## YOUR ASSIGNMENT
Only the pictures should be left out; repeat the rest of the data exactly.

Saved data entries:
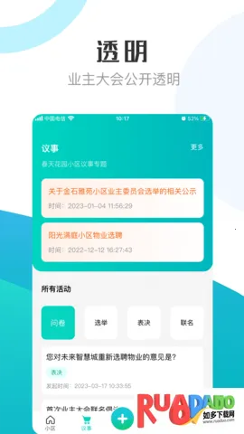 4. 公开透明小区管理,含各种投票表决,加强物业与业主沟通。
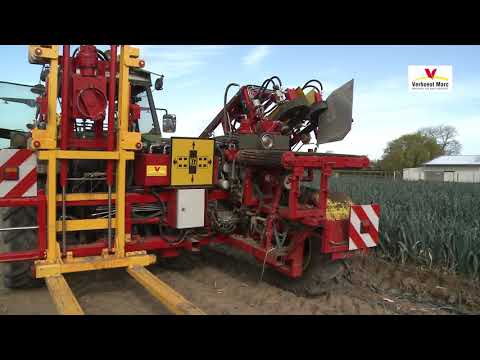 Verhoest cosechadora de puerros Llenadora automática de platos – llenado horizontal con puerro con 10 rodillos
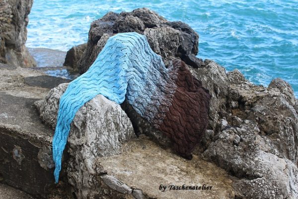 Meereswellen, inspiriert von der schönen Amalfiküste, ein neues Tuchdesign. Das Tuch wird seitwärts gestrickt und kann daher jeder gewünschten Größe angepaßt werden. Das Tuch kann mit unterschiedlicher Wolle gestrickt werden.
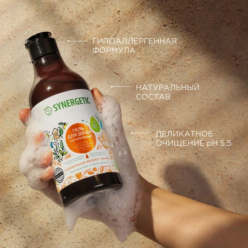 Гель для душа Synergetic Карамельное яблоко и ваниль, 380мл
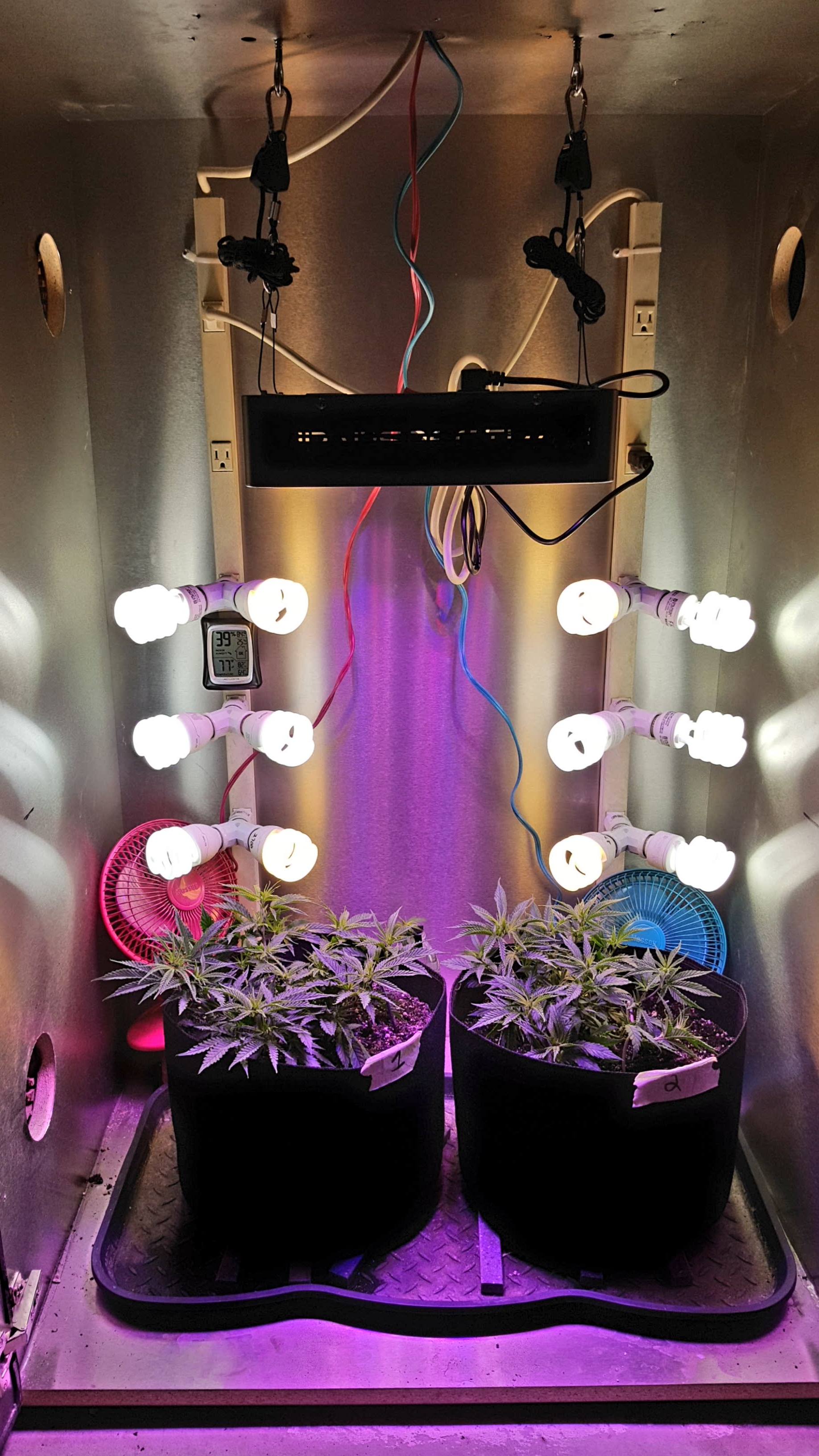 First day running. I did a little lst training and branches turned back up in an hour. Much faster than they did with cfls. Seems pretty bright not as pink as it looked in the pictures on amazon. I figure I will supplement with 2700k cfls during flower if needed. I'll update how they are growing in a few days. Here is a pic looking down at them.
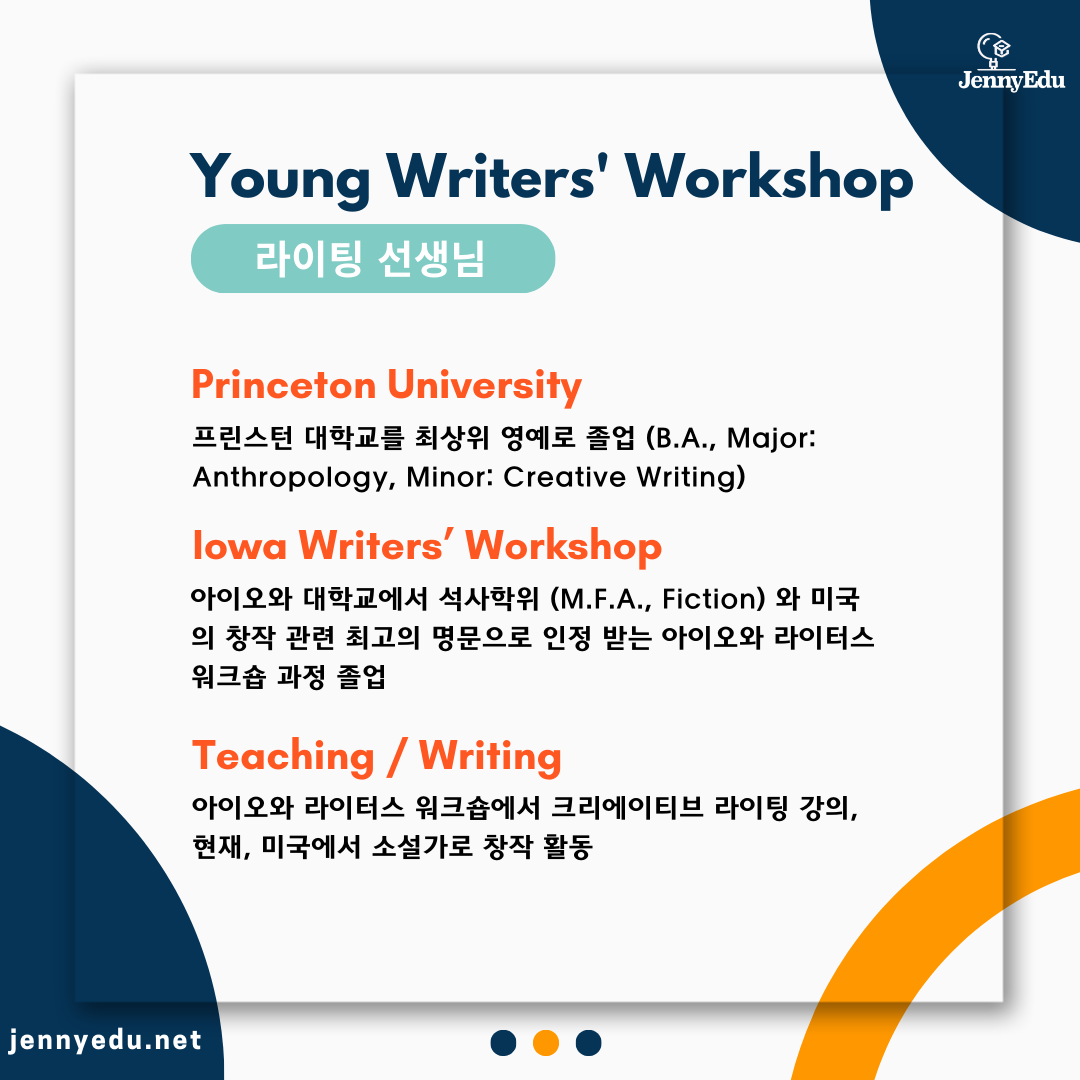 영라이터스 워크숍 - JennyEdu Young Writers’ Workshop | JennyEdu 제니에듀 컨설팅 | 미국 유학, 대학 입시 전문 교육 컨설팅
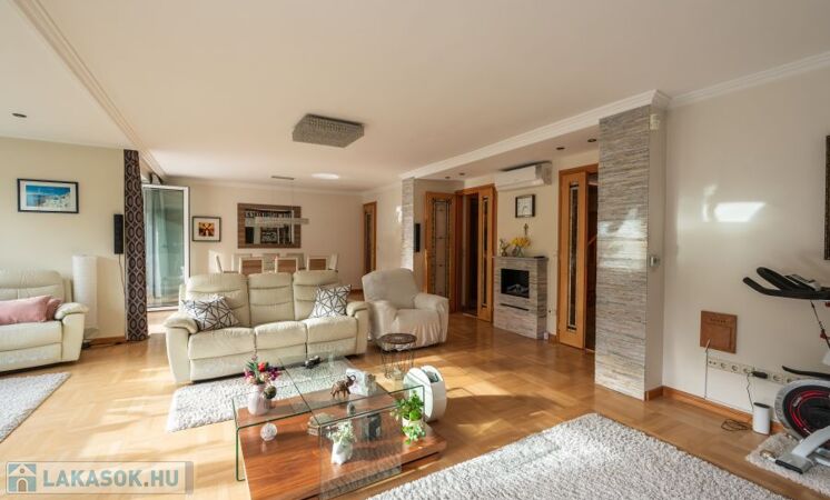 Kényelmi extrák :Modern hűtő-fűtő klímák, energiatakarékos Vaillant kazánok. 4 rétegű üvegezés, így a fűtési költségek rendkívül kedvezőek. A vízdíj a közös költségben. Valamint a kerteszeket és a heti kétszeri lépcsőházi takarítást is tartalmazza. A nappaliban egy elektromos kandalló fokozza a kellemes hangulatot de fűtésre is alkalmas.
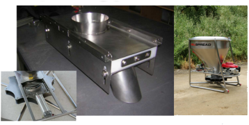 The HeliSpread system is designed to handle all types of spreading from seed , fertilizers, poison baits to mosquito larvacide. Often, a 60 metre swath width is obtainable along with an adjustable application rate. Discharge and application rates per model are available on request as is GPS tracking and data recording for these systems.
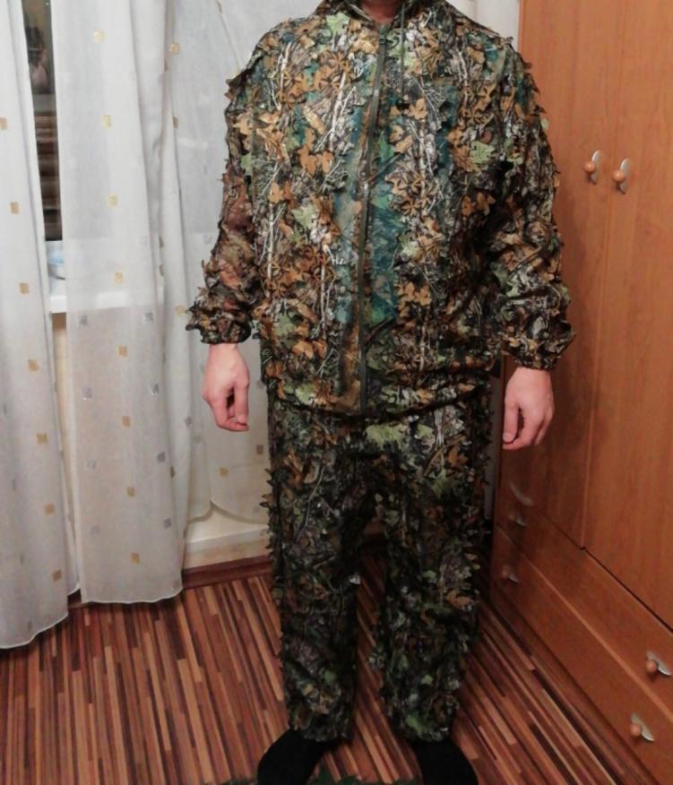 У меня лет 10 уже костюм лешего синтетический,ничего не весит,ни шуршит,не цепляется.Садишься на бережке,утки к ногам подлетают)))
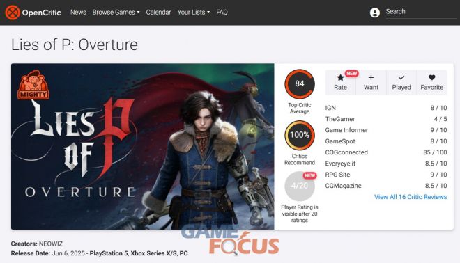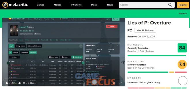 ‘P의 거짓: 서곡’은 출시 직후 스팀 ‘최고 인기 게임’ 순위에서 국내 전체 부문 1위, 글로벌 유료 부문 1위를 차지했다. 메타크리틱 평점 84점, 오픈크리틱 평점 84점을 기록하며 평단에서도 호평받았다. 특히, 오픈크리틱에서는 최고 추천 등급인 ‘마이티’를 획득했다.
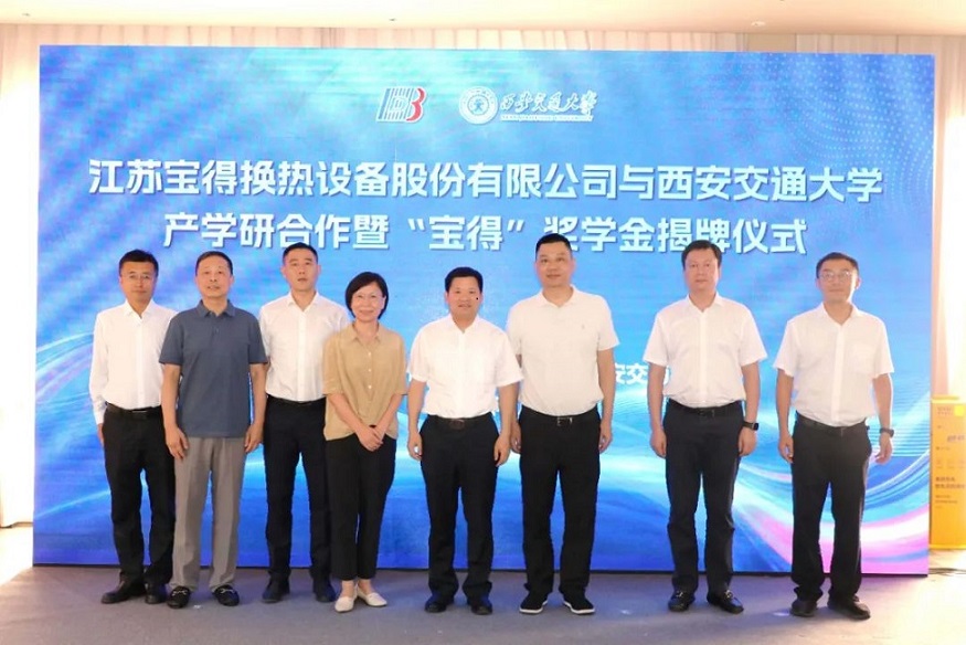 8月18日下午,江蘇寶得換熱設(shè)備股份有限公司與西安交通大學(xué)簽署產(chǎn)學(xué)研合作協(xié)議及“寶得”獎學(xué)金揭牌儀式在江陰成功舉行。 出席儀式的領(lǐng)導(dǎo)與嘉賓包括:江陰市人民政府副市長季震,西安交通大學(xué)校長助理黃...
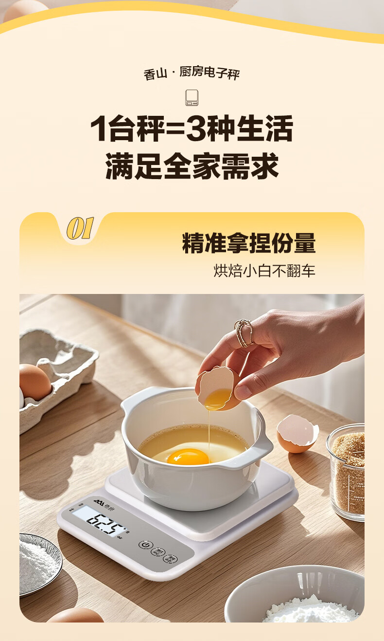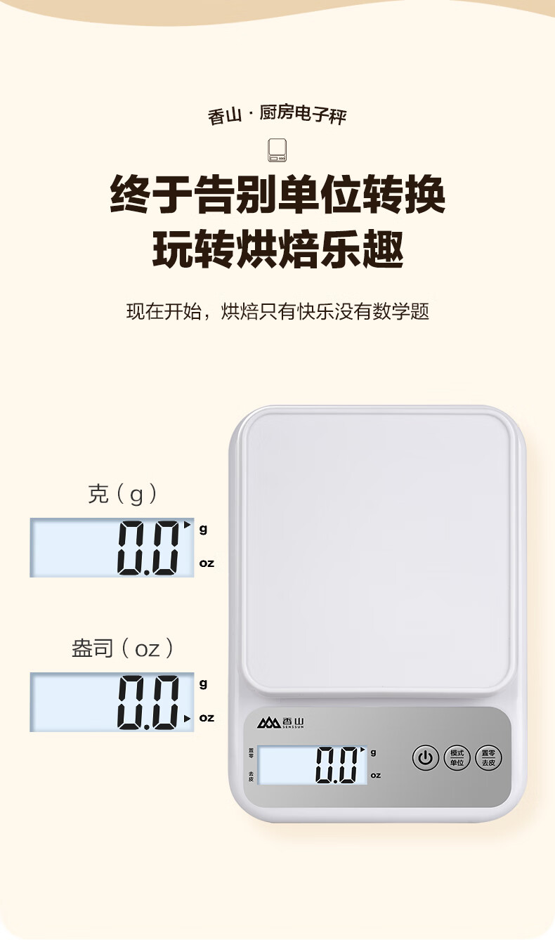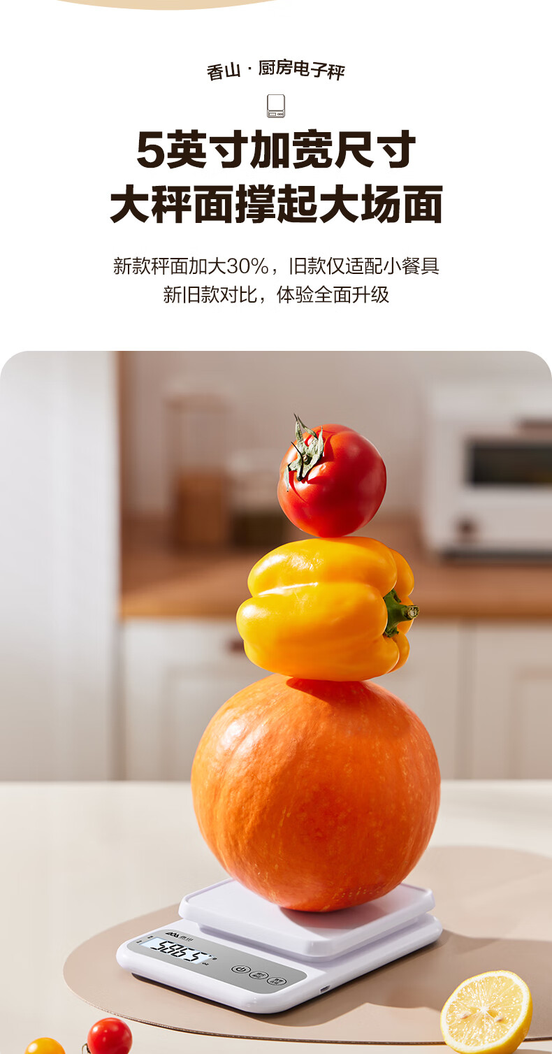 香山 电子秤厨房秤 克称高精度克重秤家用食物称菜秤茶叶烘培蛋糕克数秤咖啡秤水果秤珠宝称 台秤 塑盘-电池款【量程3kg-0.1g】

## ANSWER FOR THE TASK
 4. 公开透明小区管理,含各种投票表决,加强物业与业主沟通。
 Verhoest cosechadora de puerros Llenadora automática de platos – llenado horizontal con puerro con 10 rodillos
 Meereswellen, inspiriert von der schönen Amalfiküste, ein neues Tuchdesign. Das Tuch wird seitwärts gestrickt und kann daher jeder gewünschten Größe angepaßt werden. Das Tuch kann mit unterschiedlicher Wolle gestrickt werden.
 Гель для душа Synergetic Карамельное яблоко и ваниль, 380мл
 First day running. I did a little lst training and branches turned back up in an hour. Much faster than they did with cfls. Seems pretty bright not as pink as it looked in the pictures on amazon. I figure I will supplement with 2700k cfls during flower if needed. I'll update how they are growing in a few days. Here is a pic looking down at them.
 영라이터스 워크숍 - JennyEdu Young Writers’ Workshop | JennyEdu 제니에듀 컨설팅 | 미국 유학, 대학 입시 전문 교육 컨설팅
 Kényelmi extrák :Modern hűtő-fűtő klímák, energiatakarékos Vaillant kazánok. 4 rétegű üvegezés, így a fűtési költségek rendkívül kedvezőek. A vízdíj a közös költségben. Valamint a kerteszeket és a heti kétszeri lépcsőházi takarítást is tartalmazza. A nappaliban egy elektromos kandalló fokozza a kellemes hangulatot de fűtésre is alkalmas.
 The HeliSpread system is designed to handle all types of spreading from seed , fertilizers, poison baits to mosquito larvacide. Often, a 60 metre swath width is obtainable along with an adjustable application rate. Discharge and application rates per model are available on request as is GPS tracking and data recording for these systems.
 У меня лет 10 уже костюм лешего синтетический,ничего не весит,ни шуршит,не цепляется.Садишься на бережке,утки к ногам подлетают)))
 ‘P의 거짓: 서곡’은 출시 직후 스팀 ‘최고 인기 게임’ 순위에서 국내 전체 부문 1위, 글로벌 유료 부문 1위를 차지했다. 메타크리틱 평점 84점, 오픈크리틱 평점 84점을 기록하며 평단에서도 호평받았다. 특히, 오픈크리틱에서는 최고 추천 등급인 ‘마이티’를 획득했다.
 8月18日下午,江蘇寶得換熱設(shè)備股份有限公司與西安交通大學(xué)簽署產(chǎn)學(xué)研合作協(xié)議及“寶得”獎學(xué)金揭牌儀式在江陰成功舉行。 出席儀式的領(lǐng)導(dǎo)與嘉賓包括:江陰市人民政府副市長季震,西安交通大學(xué)校長助理黃...
 香山 电子秤厨房秤 克称高精度克重秤家用食物称菜秤茶叶烘培蛋糕克数秤咖啡秤水果秤珠宝称 台秤 塑盘-电池款【量程3kg-0.1g】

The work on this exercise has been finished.